I just wrote that headline and I still can’t process this whole thing. Here’s the backstory..
I’m beyond thrilled at being chosen to participate in a ‘leg’ of the Canada C3 voyage. That’s the 150 day expedition from Toronto to Victoria,via the Northwest passage, on a research vessel, designed to celebrate Canada and connect the country. It left from Toronto on June 1st. It’s an awesome opportunity of which I am thrilled to take part. I’ll join for leg 5 in St. John’s Newfoundland and Labrador and be on board for 11 days, at which time we’ll continue the mandate of the journey which will explore the four themes of Canada 150. Those are Diversity and Inclusion, Reconciliation, Youth Engagement and the Environment. The ship is loaded with scientific experiments, and makes stops at festivals and events along the way. It’s by no means just a ‘cruise’, but a working, learning and exploring environment. I’ll be joined on board by scientists, athletes, politicians and young Canadians to name a few. Every leg, I believe, will take 20 Canadians from different walks of life. In order to take the journey, all those going were rightly required to get a police check. I’ve been through these before and it’s just a routine and practical precaution that those running the expedition, in this case the Students On Ice Foundation, require. No problem.

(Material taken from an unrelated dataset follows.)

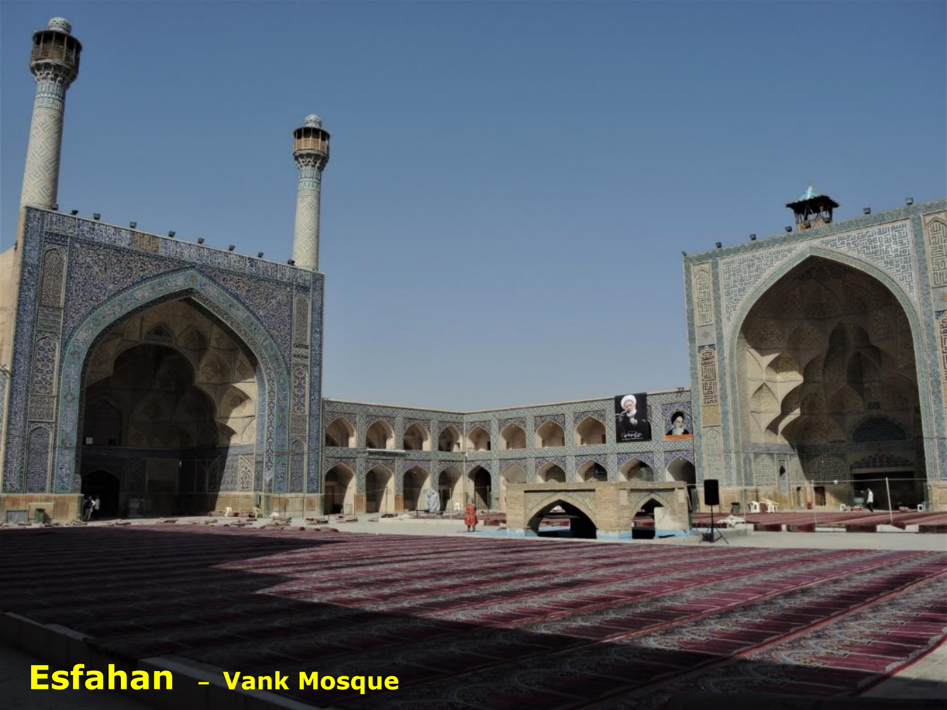
Esfahan - Vank Mosque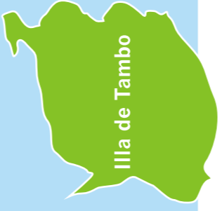
Illas de Tambo

I headed down to the Charlottetown Police station last week and got the required forms and returned them with the required information. You had to fill out two forms, one giving basic consent to do a criminal check and another which allows them to do a search for those convicted of a sexual crime but had received a pardon. This part was required because I would working and interacting in and around vulnerable people. I was told it was routine for all who where looking to get a police check, so I signed the form to allow the process to be completed in every way. No problem. BIG problem.
I got a call today from the police telling me there was an issue with the ‘sexual crime pardon’ part of my check. What? I was informed that someone in this country, someone, somewhere, with the exact same birth date as me, had been given a pardon for a sexual offense, and I had to come down and be fingerprinted, so those prints could be sent to the national data bank in Ottawa to prove that person, pardoned for a sexual crime, wasn’t me. Wait, what? I admit to being in a bit of a state of shock at this point. I said, didn’t my background check reveal that I had never been pardoned of any crime? No, when you’re pardoned, the slate is wiped clean so they can’t tell if I was ever pardoned or not. Only the national fingerprint data bank in Ottawa can prove you were never pardoned, and they do that by checking your finger prints against those on file of the actual sexual offender who was pardoned. I said, well, I was never pardoned. They said, well, we can’t prove that. Oh, and its going to cost you $20 for the fingerprint procedure. So, let me get this straight. I have to pay to prove I’m not a sexual offender. That’s correct.
So, guilty until proven innocent. Is that a stretch?
I had a lot of questions. It appears that prior to 2010, the national registry for those convicted of a sexual offense and then pardoned, contained name, date of birth and fingerprints. On at least one occasion, someone changed their name, and did not notify the proper authorities, and re-offended. From that point on, the name portion of the data base was reduced to just date of birth and fingerprints, to avoid the calamity of having someone outsmart authorities with a simple name change.
So, this I get. What I don’t get is why local authorities are shutout of the information regarding pardons relating to sexual crimes. What if someone re-offends, but the arresting force didn’t know there was an offense to begin with? In time they would find out, but not immediately, which you’d think they would like to do. I was told that once you’re pardoned of any crime, all information relating to that crime is wiped. It can’t be picked up on background checks. In the case of a pardon for a sexual offense, if a match on the date of birth comes up, that information is shown, but the message is simply the person applying for the background check needs to be fingerprinted and those prints shipped to the national data base. So when it comes to sexual crime pardons, does Ottawa think local law enforcement officials can’t keep a secret? On a very crude and simple level, yes it seems that way.
So now I am in the waiting phase, which will take 7 to 10 days at which time the police here will inform me of the all clear. But don’t get me wrong, they very fact you’ve been fingerprinted for something you didn’t do, is unnerving and creates a lot of uneasiness. What if they make a mistake in Ottawa? What if it comes back and says it’s me? Believe me, all the ‘what ifs’ go through your mind.
After going through the process, my single biggest question is this. Why are people who have been convicted of a sexual offense getting pardoned in the first place?